Should it be determined that a student’s presence on campus or in a certain area of campus such as a Village or a Hall poses a threat or jeopardizes the safety, well-being, or comfort of another community member or members, that student may be prohibited from visiting those designated places for a stated period of time.  Restriction may be part of sanctioning through the College’s arbitration system, but may also be enacted by the Dean of Students given the circumstances.

Social Probation

At the discretion of the Dean of Students, students residing in designated College housing, i.e. an apartment or townhouse, may be placed on Social Probation for a stated period of time which denies them the privilege to register social events.

Suspension

A period of separation from the College, usually from one to two semesters, or until certain conditions are met.  If suspended, the student must leave the campus within 24 hours of notification.  Notification is sent to the student's parents, the Admission Office, the Dean of the College and the Registrar's Office.  The completion of the period of suspension does not guarantee reinstatement.  The decision to readmit a student will be the responsibility of the Admissions Committee.  Once a student is suspended from the College, the student will not be allowed on the VWC campus for any reason during the stated period of suspension.

Referrals

CAB may also choose to refer the student on to campus services or make other recommendations and requirements which it determines appropriate.
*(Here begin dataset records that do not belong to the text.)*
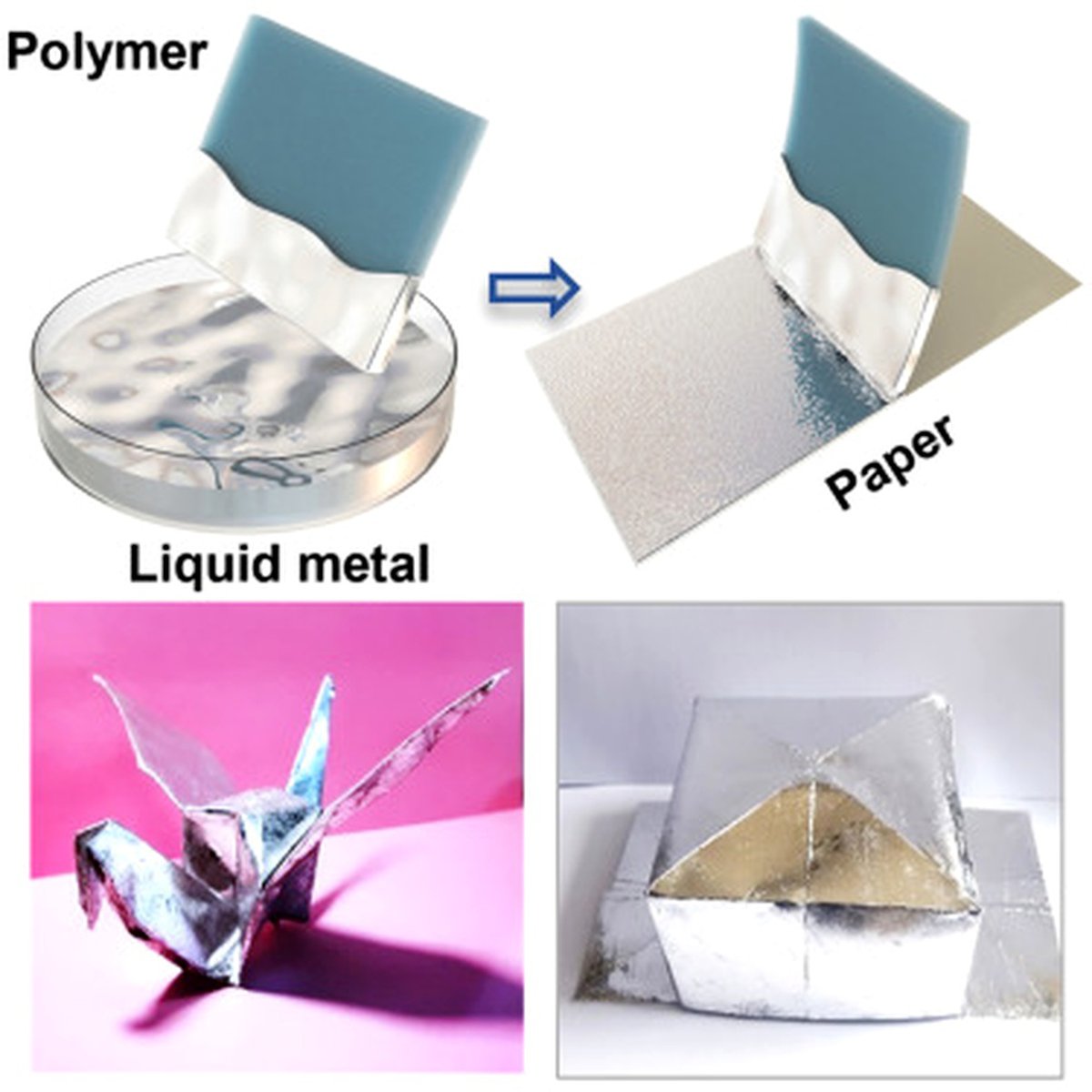 Исследователи изготовили новый тип жидкого металла, состоящий из сплава висмута, индия и оксида олова. Такой сплав можно нанести на бумагу, причем он будет держаться без клея, а бумага сохранит гибкость.
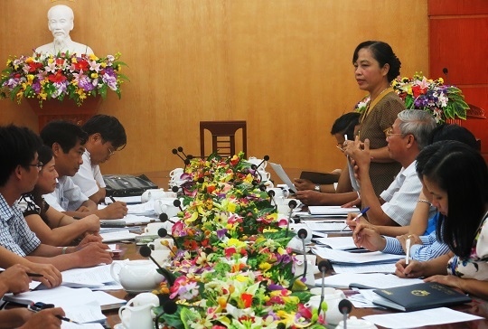 Sáng ngày 15/8/2014, Ban Văn hóa - Xã hội HĐND tỉnh đã làm việc với Ban Thi đua - Khen thưởng tỉnh và Sở Lao động - Thương binh & Xã hội để nghe báo cáo kết quả thực hiện việc xét tặng, truy tặng danh hiệu vinh dự Nhà nước “Bà mẹ Việt Nam anh hùng”. Tham dự buổi làm việc có đồng chí Hoàng Thị Cẩm Tú - TUV, Ủy viên Thường trực HĐND tỉnh, Lãnh đạo các ban HĐND. Đồng chí Đoàn Đình Anh, Trưởng ban VH-XH HĐND tỉnh chủ trì buổi làm việc
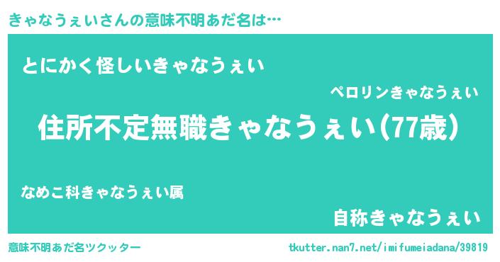 | 男性向けラノベタイトル風あだ名 | 『魔弾の王ときゃなうぇい』 |
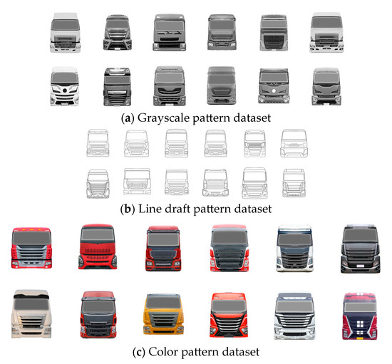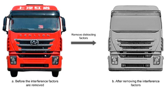 In the removal of interfering factors, all truck front face samples need to be covered or removed without a trace where the brand information can be displayed, such as the license plate, car logo, and text. All truck front face samples need to be decolorized. All truck front face samples need to remove the wheels, chassis, rearview mirrors, and accessories on the roof that do not belong to the factory. All sample pictures should keep the brightness and contrast of the image consistent in actual display. The windshield has large reflections that are not easy to remove, so a uniform glass template is specially made to replace the windshield area of each sample picture. The effect comparison before and after removing the interference factors is shown in Figure 5.

In addition or in place of the sanctions listed above, the College reserves the right to make exceptions or adjustments to the rules when, in its sole opinion, circumstance of the well-being of the College community or the affect which the rule may have upon the College’s best interest dictates.

Separation from the College

Grade Policy

Students suspended or dismissed from the College for disciplinary reasons will receive a grade of W or WF in each course in which they are currently enrolled at the discretion of the instructor of that course, unless work in a given course has already been completed, in which case the student will receive that grade already earned.

Refund Policy

Should a student be suspended or dismissed for disciplinary reasons, the College will retain the following amount of tuition, room and board, and institutional and state federal aid.  The tuition and room deposits are nonrefundable.  Students may receive a partial refund as follows: 90% during the first week of classes, 50% the second week, and 25% the third week.  After the third week of classes, there is no refund.  Calculations will be based on the date the suspension or dismissal is submitted.  The College will charge an administrative cost allowance for any student suspended or dismissed.  The cost will be five percent (5%) of tuition, room, and meals originally charged, but will not exceed $100.00.  Any federal financial aid will be returned based on the federal return policy.  Return of College Property.   Students suspended or dismissed from the College must turn in to a college official their VWC student ID, parking decal, and room key card (where applicable).